Organisations in the Middle East work in a fast-paced and competitive environment. Data is the new oil, powering growth, efficiency and effectiveness. Translated into actionable intelligence using IT systems, data creates competitive advantage and regional organisations in both the Government and Enterprise sectors have been highly successful in using the power of data and information technology to achieve customer-centric innovation.

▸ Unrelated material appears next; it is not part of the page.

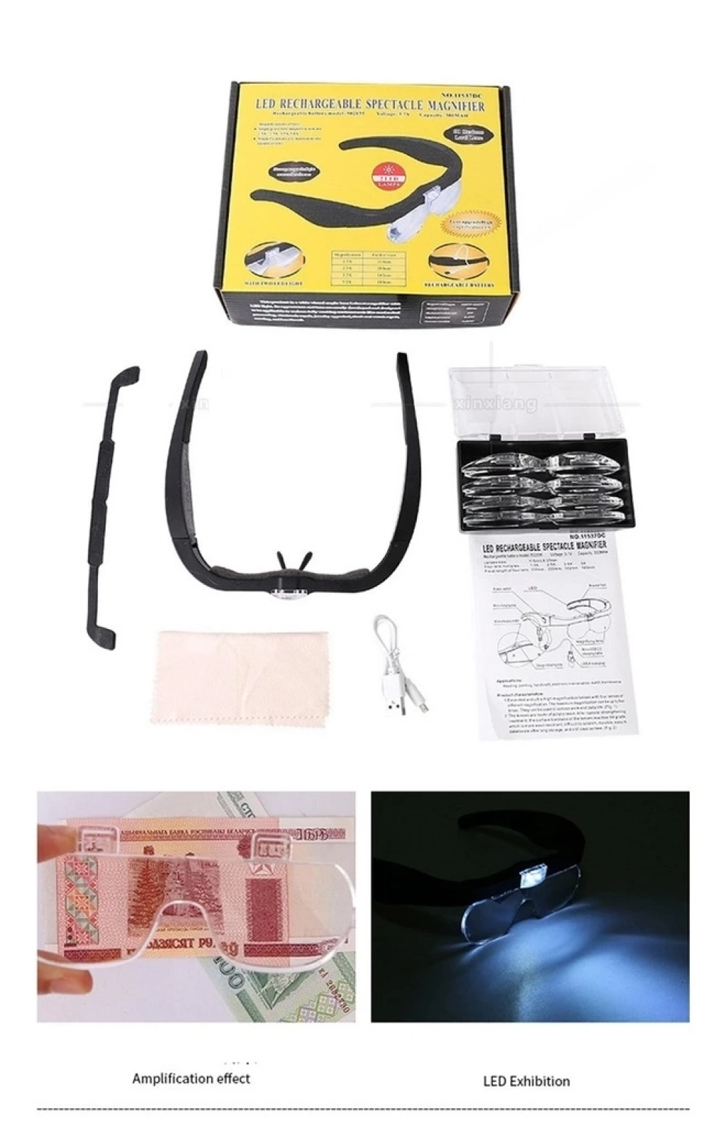 Şarjlı Gözlük Büyüteç 4 Farklı Lens 11537dc

But, the volume of sensitive data generated by the modern enterprise is a double-edged sword. While it can be used to guide strategic decision making and create personalised experiences for customers, it raises a troublesome question- what happens when data is misused? What happens when a breach takes place? In short, organisations suffer remediation costs, reputation damage, loss of business and more. The inability to protect data also places obstructions to successfully leveraging new technologies such as cloud, big data and artificial intelligence as with their operational benefits, these also introduce new threat vectors and changing security paradigms.

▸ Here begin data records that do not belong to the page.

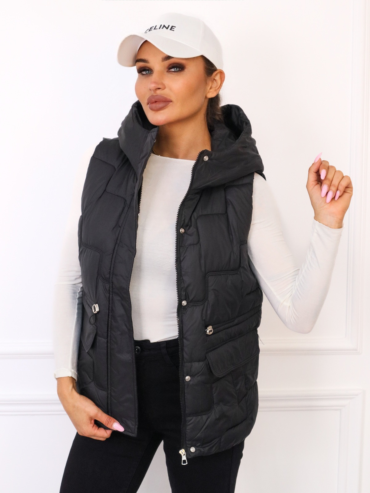 KAMIZELKA PIKOWANA ZE ŚCIĄGACZEM W PASIE- CZARNA
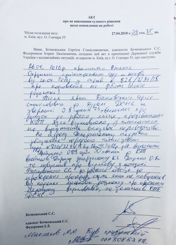 "Сьогодні Сергію Бочковському не дали приступити до виконання посадових обов’язків. Зокрема свого керівника, поновленого на роботі вчорашнім рішенням Окружного адміністративного суду м. Києва, не допустили до робочого місця працівники пропускної служби ДСНС. Вони виконували вказівку керівника департаменту кадрового забезпечення ДСНС О.В. Доценка, який послався на очікування результатів певних процедур Кабінету Міністрів України", - розповів захисник Бочковського Ігор Федоренко.
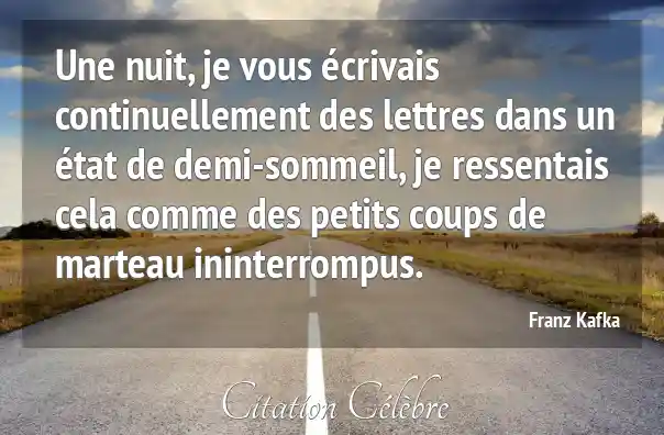 Une nuit, je vous écrivais continuellement des lettres dans un état de demi-sommeil, je ressentais cela comme des petits coups de marteau ininterrompus.

The average total cost of a data breach for organisations in the Middle East is $5.31 million, as found by research conducted by the Ponemon Institute . This number reflects just how much of a financial impact a single data breach can have- a cost likely to cripple all but the largest organisations. Despite this persistent threat, only 30 percent of companies have a consistent encryption strategy implemented enterprise-wide . How is it that this paradox exists and why has data encryption been largely overlooked in enterprise security strategies?

‘Locking the Doors’ to valuable data

Organisations invest heavily in information security, creating layered security architectures and implementing various processes and technical security controls, yet they fail to consistently implement data encryption. If we draw comparisons between information security and physical security in a bank, not encrypting data would be analogous to not locking the bank vault. Yes, there are many physical security measures already in place- cameras, high walls, electric fences, many layers of doors, security guards, and motion sensors- yet one still needs to lock the vault!

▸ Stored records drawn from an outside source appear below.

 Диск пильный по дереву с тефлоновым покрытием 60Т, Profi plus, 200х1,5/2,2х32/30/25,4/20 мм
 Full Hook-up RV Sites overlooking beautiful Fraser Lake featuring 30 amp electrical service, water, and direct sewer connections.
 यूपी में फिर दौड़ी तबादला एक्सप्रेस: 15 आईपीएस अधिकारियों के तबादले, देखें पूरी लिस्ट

The reason organisations overlook the essential digital ‘locking’ with encryption is the perceived complexity of introducing and managing this technology, and its assumed impact on business processes.

Dr Aleksandar Valjarevic, Head of Solutions Architecture, Help AG Middle East

A fine balance

Achieving confidentiality, integrity and availability of data is simply not enough anymore- IT teams need to ensure convenience for users, administrators and managers when implementing any kind of security control, and especially so when implementing data encryption.

At Help AG, our advice to enterprises is to implement data encryption solutions for all their sensitive data and in particular personal, financial, health, business operations, trade secrets and intellectual property related data. Also, any data leaving organisational boundaries- such as in the case of cloud services or the outsourcing of functions to third-party service providers- should be included in the encryption strategy. This will soon become a mandatory component of security architectures and businesses that fail to implement effective solutions will continue to be easy targets for attackers.

Criteria for solution selection

Once the data for encryption has been determined, it is essential to implement the right encryption solution. In addition to budgetary factors, there are many criteria which should be given due emphasis. While encryption is an open technology area, it is not without its standards and regulations so trusting proven, tested and certified solutions is a good start. This narrows the playing field, leaving you to then focus on ease of deployment and management- both of which are essential to ensuring adoption and actual utilisation of the investment. To this end, a system which offers minimal impact on performance and business processes is also imperative as otherwise, it would be difficult to build a business case for the solution and push for enterprise-wide deployment.

From a technical standpoint, the solution must cover your organisation’s encryption requirements in multiple use cases and environments, from on-premise to the cloud, from big data to containers, and from application encryption and tokenisation to database encryption. Besides meeting immediate needs, this is necessary from a future-proofing stand point. Also important to the IT team is ease of management and here a solution designed on open-standards simplifies integration with other critical security systems, thereby enhancing the overall security architecture, simplifying utilisation and eliminating operational overheads.

Once all these parameters have been given their due consideration and appropriately fulfilled, the support of a skilled and trusted implementation partner offers the final piece of the puzzle, ensuring the solution is configured to the specific needs of your organisation, thereby allowing it to be leveraged to its full potential.

By using encryption– both for data at rest and in transit– you can ensure your organisation’s sensitive information is kept safe while still providing all the benefits that the ready availability of quality data presents to the modern enterprise.